= What is expected =
Set down, exactly as written, the lines from the line holding "Luxury Double Silk" to the end of the data, inclusive, skipping any pictures.

= Dataset content =

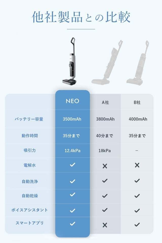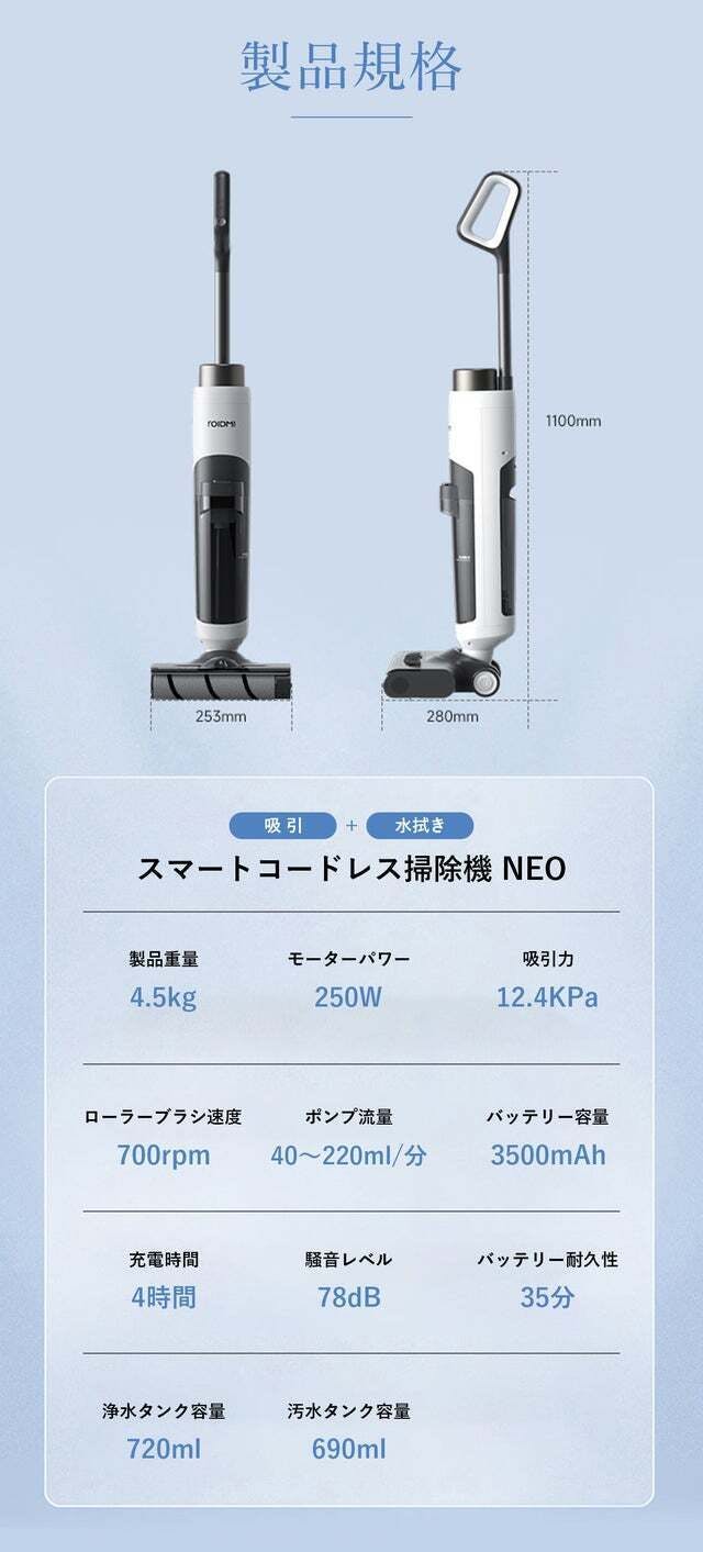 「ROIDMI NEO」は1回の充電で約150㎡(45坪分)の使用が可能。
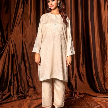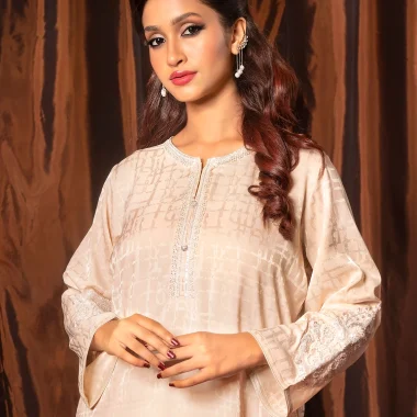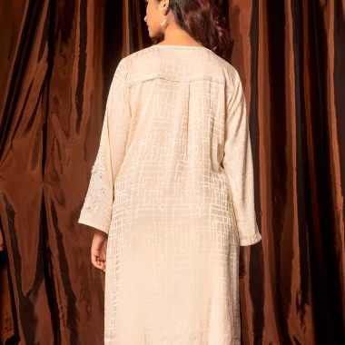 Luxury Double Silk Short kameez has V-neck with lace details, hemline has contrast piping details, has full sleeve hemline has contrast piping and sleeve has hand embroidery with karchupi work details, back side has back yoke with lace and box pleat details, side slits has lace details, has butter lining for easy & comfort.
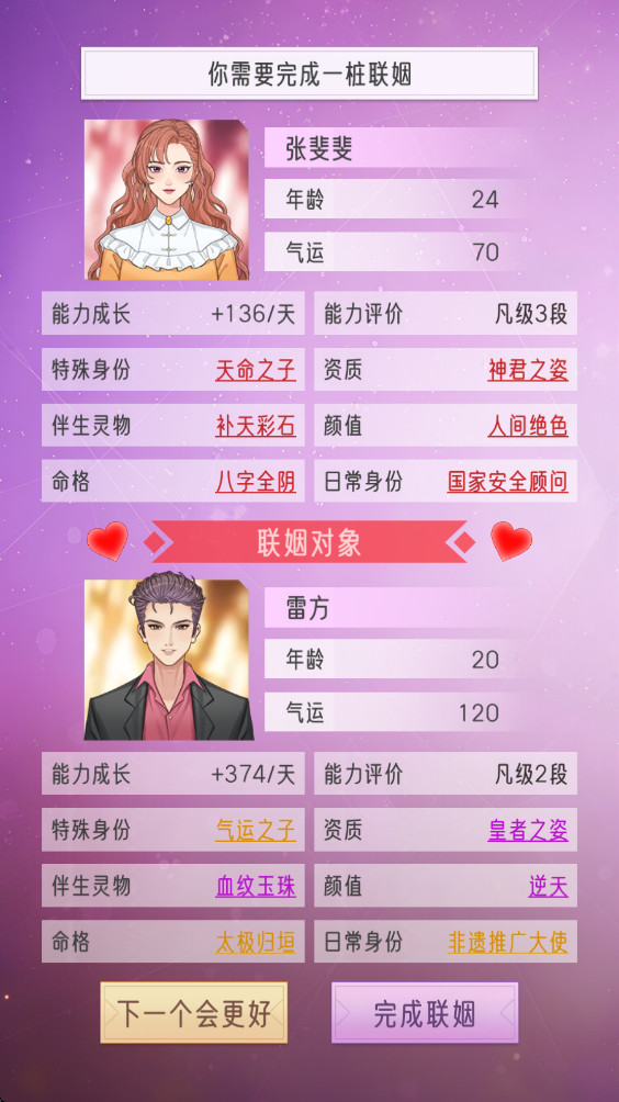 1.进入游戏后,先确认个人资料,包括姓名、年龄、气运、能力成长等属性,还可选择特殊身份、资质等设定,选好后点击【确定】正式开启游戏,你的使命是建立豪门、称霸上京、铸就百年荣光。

= Result of this exercise =
 Luxury Double Silk Short kameez has V-neck with lace details, hemline has contrast piping details, has full sleeve hemline has contrast piping and sleeve has hand embroidery with karchupi work details, back side has back yoke with lace and box pleat details, side slits has lace details, has butter lining for easy & comfort.
 1.进入游戏后,先确认个人资料,包括姓名、年龄、气运、能力成长等属性,还可选择特殊身份、资质等设定,选好后点击【确定】正式开启游戏,你的使命是建立豪门、称霸上京、铸就百年荣光。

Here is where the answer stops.